Published by The Optical Society under the terms of the Creative Commons Attribution 4.0 License. Further distribution of this work must maintain attribution to the author(s) and the published article's title, journal citation, and DOI.

## 1. Introduction

An efficient multi-format carrier recovery is an essential processing block in coherent receivers for future elastic optical networks (EON) [1,2]. A particular challenge in such networks is that transceivers need to adapt flexibly to actual traffic demands. Thus, coherent receivers need to dynamically follow the modulation format and signal bandwidth of the transmitters. For this, transceivers need efficient, universal, and flexible digital signal processing (DSP) units.

Two vital blocks in such DSP units are the carrier frequency recovery (CFR) and carrier phase recovery (CPR) [3]. The CFR detects, tracks, and corrects for the carrier frequency offset (CFO) between transmitter and receiver laser. The CPR compensates for laser phase noise and phase offsets. The phase noise originating from the lasers` finite linewidth is varying much faster than the frequency drift. For the CFR, only slow changes have to be tracked which simplifies the implementation. Here, we confine the discussion to non-data-aided algorithms as they achieve higher spectral efficiencies because they avoid additional training symbols or pilot tones.

There are mainly two categories of CFR algorithms. The *M*^{th} power algorithm that can be implemented either in time [4] or in frequency domain [5] and the blind frequency search (BFS) [6]. CPR algorithms can also be subdivided in two big groups. The most common algorithm for QPSK is the Viterbi-Viterbi phase estimation (VVPE) algorithm [7]. The VVPE algorithm has been adapted with QPSK-partitioning [8], multi-stage approaches [9], and for higher order modulation formats [10]. A second group of CPR algorithms uses the blind phase search (BPS) [11]. The BPS typically suffers from a large complexity. Meanwhile, the complexity has been reduced by multi-stage approaches [12,13] and with a simplified cost function [14]. Both approaches have already been demonstrated in real-time at low symbol rates [15]. Another group of CPR algorithms takes advantage of a nonlinear transformation of the received signal.

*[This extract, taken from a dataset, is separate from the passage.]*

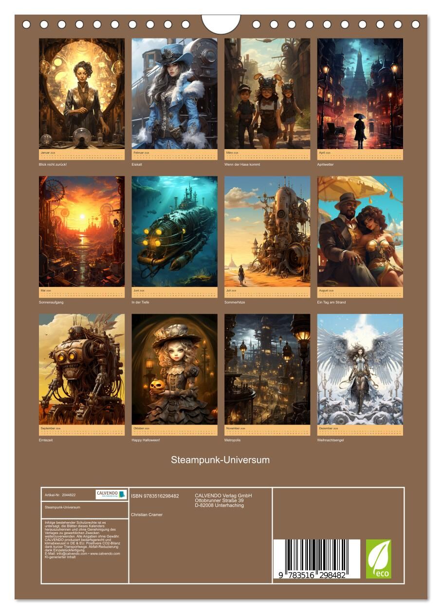 Tauchen Sie ein in eine faszinierende Welt, in der Dampf und Technologie auf eine einzigartige Art verschmelzen. Unser exquisiter Steampunk-Kalender entführt Sie Monat für Monat in ein Universum, in dem Kreativität und Erfindungsreichtum keine Grenzen kennen. ...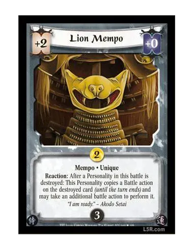 Mempo · Unique. Reaction: After a Personality in this battle is destroyed: This Personality copies a Battle action on the destroyed card (until the turn ends) and may take an additional battle action to perform it.

They use either a harmonic decomposition [16,17] or the nonlinear least square [18]. Recently, an additional approach has been shown for a real-time implementation at 25 GBd [19] where a multi-symbol delay detection (MSDD) scheme is used [20].

However, a flexible, blind, and joint CFR and CPR that operates in real-time with low hardware complexity at highest data rates has not yet been shown. This in part is because such hardware implementations in coherent optical communication links with >100 Gbit/s are challenging as the hardware has to process several 100 Gbit/s to Tbit/s of raw data at DSP clock frequencies that typically operate below 1 GHz. Therefore, massive parallel processing is required [21]. Thus, big blocks of data need to be processed simultaneously. Yet, due to the large number of parallel operations, a real-time capable hardware implementation can only be implemented if the processing complexity is minimized. Minimum complexity is also necessary to achieve a reasonable low power consumption.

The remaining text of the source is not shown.